Forum Discussion

peter_booth_716's avatar
peter_booth_716
Icon for Nimbostratus rankNimbostratus
Aug 14, 2012

Why isnt Active/Active the norm?

I'm a technologist who admits to having some strong technical prejudices-

 

 

- I hate slow applications and websites ... which is why I choose to work in performance

 

- I prefer vendors who nurture open customer discussions (as F5 does)

 

- I prefer open source to commercial software (unless the commercial is demonstrably better)

 

- I bristle at the idea of "enterprise vendors" having seen too much shelfware and wasted dollars when people spend "Other People's Money"

 

- I hate seeing hardware thats under-utilized having seen how it makes it harder to build snappy, fast systems.

 

 

 

and, in general, I hate Active/Standby configurations, because I don't like seeing hardware sitting "idle" and I mistrust that Standby systems will work unless I see them working.

 

 

 

All that said, I've become a fan of F5 after having worked with many other hardware and software load balancers in the past.
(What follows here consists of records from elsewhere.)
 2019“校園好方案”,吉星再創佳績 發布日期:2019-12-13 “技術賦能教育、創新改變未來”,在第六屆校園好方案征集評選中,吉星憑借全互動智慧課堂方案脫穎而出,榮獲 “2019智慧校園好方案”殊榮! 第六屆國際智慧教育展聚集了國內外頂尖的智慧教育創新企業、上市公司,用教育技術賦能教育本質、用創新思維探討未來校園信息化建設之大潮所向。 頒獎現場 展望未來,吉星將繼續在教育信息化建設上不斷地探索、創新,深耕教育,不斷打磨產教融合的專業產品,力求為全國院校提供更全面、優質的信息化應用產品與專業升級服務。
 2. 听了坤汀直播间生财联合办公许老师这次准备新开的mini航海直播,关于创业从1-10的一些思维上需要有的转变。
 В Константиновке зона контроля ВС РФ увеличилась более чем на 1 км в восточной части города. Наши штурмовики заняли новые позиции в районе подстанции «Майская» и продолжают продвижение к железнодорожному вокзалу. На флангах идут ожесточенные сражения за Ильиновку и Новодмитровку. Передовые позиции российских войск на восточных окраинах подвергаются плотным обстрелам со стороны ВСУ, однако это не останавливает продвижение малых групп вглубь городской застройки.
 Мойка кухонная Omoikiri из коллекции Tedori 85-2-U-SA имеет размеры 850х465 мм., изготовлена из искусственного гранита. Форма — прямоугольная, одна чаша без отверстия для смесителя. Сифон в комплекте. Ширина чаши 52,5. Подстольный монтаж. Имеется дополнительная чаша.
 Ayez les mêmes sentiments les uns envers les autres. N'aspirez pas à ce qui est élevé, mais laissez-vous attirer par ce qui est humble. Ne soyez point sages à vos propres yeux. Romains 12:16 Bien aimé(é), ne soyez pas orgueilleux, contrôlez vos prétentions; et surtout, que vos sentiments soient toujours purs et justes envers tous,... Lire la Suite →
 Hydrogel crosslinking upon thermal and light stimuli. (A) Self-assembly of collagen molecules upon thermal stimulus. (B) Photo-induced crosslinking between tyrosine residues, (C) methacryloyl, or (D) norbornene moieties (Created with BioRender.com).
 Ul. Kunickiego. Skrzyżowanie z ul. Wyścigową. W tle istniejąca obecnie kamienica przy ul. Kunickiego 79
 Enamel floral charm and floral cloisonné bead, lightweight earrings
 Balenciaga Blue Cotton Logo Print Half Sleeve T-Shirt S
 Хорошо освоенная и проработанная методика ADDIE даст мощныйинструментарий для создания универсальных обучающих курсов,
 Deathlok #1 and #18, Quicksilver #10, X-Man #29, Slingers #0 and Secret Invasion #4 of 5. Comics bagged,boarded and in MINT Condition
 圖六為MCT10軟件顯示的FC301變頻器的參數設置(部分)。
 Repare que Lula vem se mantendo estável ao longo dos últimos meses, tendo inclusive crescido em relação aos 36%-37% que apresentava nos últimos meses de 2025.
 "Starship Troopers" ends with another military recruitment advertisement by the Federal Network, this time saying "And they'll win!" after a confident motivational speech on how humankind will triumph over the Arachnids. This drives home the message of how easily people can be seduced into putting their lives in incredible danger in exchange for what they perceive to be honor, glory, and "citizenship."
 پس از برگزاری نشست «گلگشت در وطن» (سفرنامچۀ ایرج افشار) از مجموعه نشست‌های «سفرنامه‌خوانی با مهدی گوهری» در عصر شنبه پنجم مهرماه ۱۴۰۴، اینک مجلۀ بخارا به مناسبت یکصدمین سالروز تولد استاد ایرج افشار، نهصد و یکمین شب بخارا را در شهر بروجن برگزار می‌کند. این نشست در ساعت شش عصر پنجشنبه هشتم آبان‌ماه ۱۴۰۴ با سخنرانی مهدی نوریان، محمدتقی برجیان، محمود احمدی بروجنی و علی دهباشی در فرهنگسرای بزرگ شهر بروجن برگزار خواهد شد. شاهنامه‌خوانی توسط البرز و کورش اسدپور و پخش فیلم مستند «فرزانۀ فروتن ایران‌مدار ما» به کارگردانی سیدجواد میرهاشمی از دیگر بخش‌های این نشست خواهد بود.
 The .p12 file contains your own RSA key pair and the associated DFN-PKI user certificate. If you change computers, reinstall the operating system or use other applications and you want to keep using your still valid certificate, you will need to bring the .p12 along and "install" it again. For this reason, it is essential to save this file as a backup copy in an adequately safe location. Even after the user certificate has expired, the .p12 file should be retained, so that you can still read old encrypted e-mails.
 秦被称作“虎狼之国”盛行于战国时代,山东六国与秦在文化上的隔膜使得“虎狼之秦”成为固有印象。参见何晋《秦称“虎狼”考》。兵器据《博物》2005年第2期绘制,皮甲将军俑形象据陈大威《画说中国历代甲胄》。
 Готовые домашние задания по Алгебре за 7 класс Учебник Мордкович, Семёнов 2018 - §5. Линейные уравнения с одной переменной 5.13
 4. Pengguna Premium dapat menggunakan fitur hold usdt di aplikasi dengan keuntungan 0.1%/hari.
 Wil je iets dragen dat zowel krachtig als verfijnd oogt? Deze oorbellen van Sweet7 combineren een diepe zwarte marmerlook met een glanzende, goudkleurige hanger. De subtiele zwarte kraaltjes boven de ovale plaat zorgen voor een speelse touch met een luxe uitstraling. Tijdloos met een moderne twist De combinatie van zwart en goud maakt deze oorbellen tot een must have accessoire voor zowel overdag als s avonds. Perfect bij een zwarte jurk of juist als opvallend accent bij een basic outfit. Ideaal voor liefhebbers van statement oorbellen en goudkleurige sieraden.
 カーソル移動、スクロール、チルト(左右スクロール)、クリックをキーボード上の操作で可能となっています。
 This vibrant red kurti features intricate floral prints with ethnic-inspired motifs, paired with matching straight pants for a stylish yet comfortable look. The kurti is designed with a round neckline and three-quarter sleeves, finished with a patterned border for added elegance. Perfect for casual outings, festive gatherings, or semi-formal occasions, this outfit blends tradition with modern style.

But one question stumps me:

 

 

 

why is the most common LTM configuration active/standby and not dual active?

 

 

 

Peter

 

  • Hi Peter,

     

     

    The major drawback of active-active is that you risk overloading both units past 50% and then having a complete failure if one unit goes down.

     

     

    F5 has added support for device service clustering in v11. This allows you to cluster up to 8 devices (currently, with higher counts targeted) and run groups of VIPs on a single unit. This allows you to achieve higher overall device utilization.

     

     

     

    Release Note: BIG-IP LTM and TMOS version 11.0.0

     

    https://support.f5.com/kb/en-us/products/big-ip_ltm/releasenotes/product/relnote_11_0_0_ltm.htmlltm_rn_1100_new

     

     

    Device Service Clustering

     

     

    In this release, the Traffic Management Operation System (TMOS) within the BIG-IP system includes an underlying architecture that allows you to create an N+1 redundant system configuration, known as device service clustering (DSC). This redundant system architecture provides both synchronization of multiple BIG-IP configuration data and high availability at user-defined levels of granularity.

     

     

     

    Aaron
  • Hi Peter, Aaron,

     

     

    Fresh from the LTM course and we have just implemented F5 in our network. We are running active/active with traffic profiles so we can manipulate the primary route of traffic to the right site, as we also have active/active data centres.

     

     

    We are harldly running anything through thiese boxes yet but the memory allocation is 32%. Does the 50% threshold for active/active implementations apply to memory or just CPU?

     

     

    What parameters do you think we should check to ensure our failover is within limits?
  • The short answer is that all of this is currently changing. Aaron's answer (the first line) is spot on for most environments. In a 10.x world, you could run both active / active, and with VS creep over the years, you would reach a point where the boxes could not fail over for one another in terms of traffic load. In 11.x, with device clustering, you can run active / active / passive. Or active / active / active / passive / passive (you get the point) - As Aaron pointed out.

     

     

    I have set up a few active / active configurations. Most were on VIPRIONs, and running vCMP, but that's beside the point. What I am looking for in the future is clustering between physical and virtual hosts which, IMHO, would be very cool, and something that folks ask about all the time.

     

     

    CPU, memory, throughput, SSL transactions per second - These are the limiting factors you run into when running active / active. Keep this in mind, and remember - PLAN IT OUT FOR FUTURE GROWTH!!!!
  • About the memory datapoint of 32%. My limited experience suggests that there's nothing to be concerned about there ...

     

     

    We have a dev/QA LTM that gets almost zero traffic, under 2% CPU utilization, and currently has 27% memory utilization.

     

    For me, that makes it a non-issue.

     

     

    Perhaps the memory datum is similar to memory usage in Linux or Solaris, where "free" memory is held by a "free list" or buffer pool, because that performs better than "really" freeing memory?